When a RunQueueConfig is configured, the run queue applies to daemon-submitted runs (sensors, schedules, automation conditions, UI). materialize() always executes directly regardless of queue configuration.
| Parameter | Type | Default | Description |
|---|---|---|---|
selection |
list[str] \| None |
None |
Asset names to materialize. None for all. |
partition_key |
PartitionKey \| None |
None |
Partition to materialize. Required for partitioned assets. |
tags |
list[tuple[str, str]] \| None |
None |
Tags applied to the run for queue / observability filtering. |
raise_on_error |
bool |
True |
Raise on first failure rather than returning a failed result. |
config |
dict[str, dict[str, Any]] \| None |
None |
Per-asset config overrides keyed by asset name. |
run_id_override |
str \| None |
None |
Use a pre-assigned run ID (used by K8s execution pods). |
include_upstream |
bool |
False |
Also materialize transitive deps of selection. |
resume |
bool |
False |
Skip already-completed steps from a crashed prior run with the same run_id_override. |
Returns: RunResult.
backfill()¶
def backfill(
self,
selection: list[str] | None = None,
partition_keys: list[PartitionKey] | None = None,
partition_range: PartitionKeyRange | None = None,
strategy: BackfillStrategy | None = None,
failure_policy: str = "continue",
max_concurrency: int = 4,
tags: list[tuple[str, str]] | None = None,
config: dict[str, dict[str, Any]] | None = None,
block: bool = True,
dry_run: bool = False,
) -> BackfillResult
Backfill partitions for the selected assets. See Backfills for the full reference.
cancel_backfill()¶
Cancel a running backfill. Returns True if the in-process coordinator was signalled (the backfill has live state in this process); returns False and falls back to a storage-level cancel marker otherwise.
get_backfill()¶
Look up a backfill's current status by ID, or None if not found.
rerun_backfill()¶
def rerun_backfill(
self, backfill_id: str, block: bool = True, dry_run: bool = False
) -> BackfillResult
Re-launch the failed and canceled partitions of a previous backfill.
observe()¶
Run observation functions on external assets. Only external assets with an observe_fn (set via the @Asset.external() decorator) are observed.

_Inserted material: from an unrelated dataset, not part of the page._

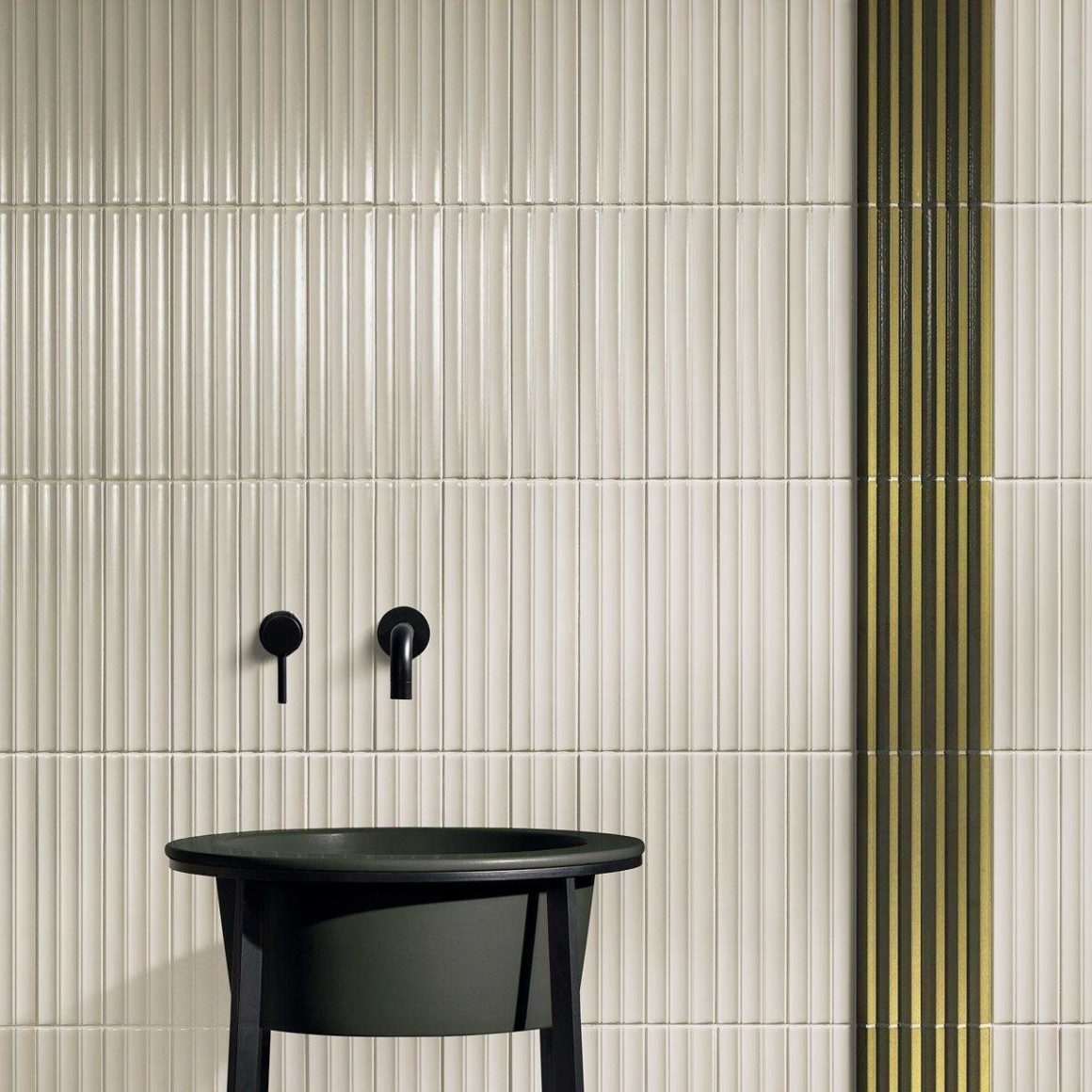 Exemple de pose de carrelage à mi hauteur. Carrelage Norse, Terratinta Group.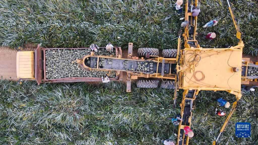 7月5日,在印度尼西亚楠榜省德邦易勿刹县一处菠萝种植园,人们将采摘下来的菠萝装车(无人机照片)。

| Parameter | Type | Default | Description |
|---|---|---|---|
asset_names |
list[str] \| None |
None |
Filter to specific asset names. Observes all observable external assets when None. |
Returns: dict[str, dict[str, MetadataValue]] mapping asset names to their observation metadata.
@rs.Asset.external(io_handler=handler)
def source(context: rs.AssetExecutionContext):
context.add_output_metadata({"row_count": rs.MetadataValue.int(1000)})
repo = rs.CodeRepository(assets=[source])
result = repo.observe()
print(result["source"]["row_count"].raw_value()) # 1000
load_node()¶
def load_node(
self,
name: str,
*,
partition_key: PartitionKey | None = None,
type_hint: type[T] | None = None,
) -> T | Any
Load a node's persisted output via its IO handler. Returns the value stored by the most recent materialization.
| Parameter | Type | Default | Description |
|---|---|---|---|
name |
str |
required | Node name (e.g. "my_asset" or "pipeline/step_a" for graph-asset internal tasks). |
partition_key |
PartitionKey \| None |
None |
Partition to load. Required for partitioned assets. |
type_hint |
type \| None |
None |
Target type passed to the IO handler (e.g. pyarrow.Table for Delta). |
repo.materialize()
value = repo.load_node("my_asset")
df = repo.load_node("delta_asset", type_hint=pa.Table) # typed as pa.Table
io_handler_for_output()¶
Resolve the IO handler this repository would use to write name's output. Walks the registry chain node.io_handler() → default — the same chain the executor uses at materialize time. Returns the resolved handler instance (the configured one, an instance derived from a ResourceRef, or the shared default InMemoryIOHandler).
Useful for debugging "which handler does this asset actually use?" without running execution.
| Parameter | Type | Description |
|---|---|---|
name |
str |
Asset name. |
Raises: NodeNotFoundError if name is not in the resolved repository.
get_schedule() / get_sensor()¶
Look up a registered schedule or sensor by name.
evaluate_schedule()¶
Run a schedule's evaluation function once and return the tick result.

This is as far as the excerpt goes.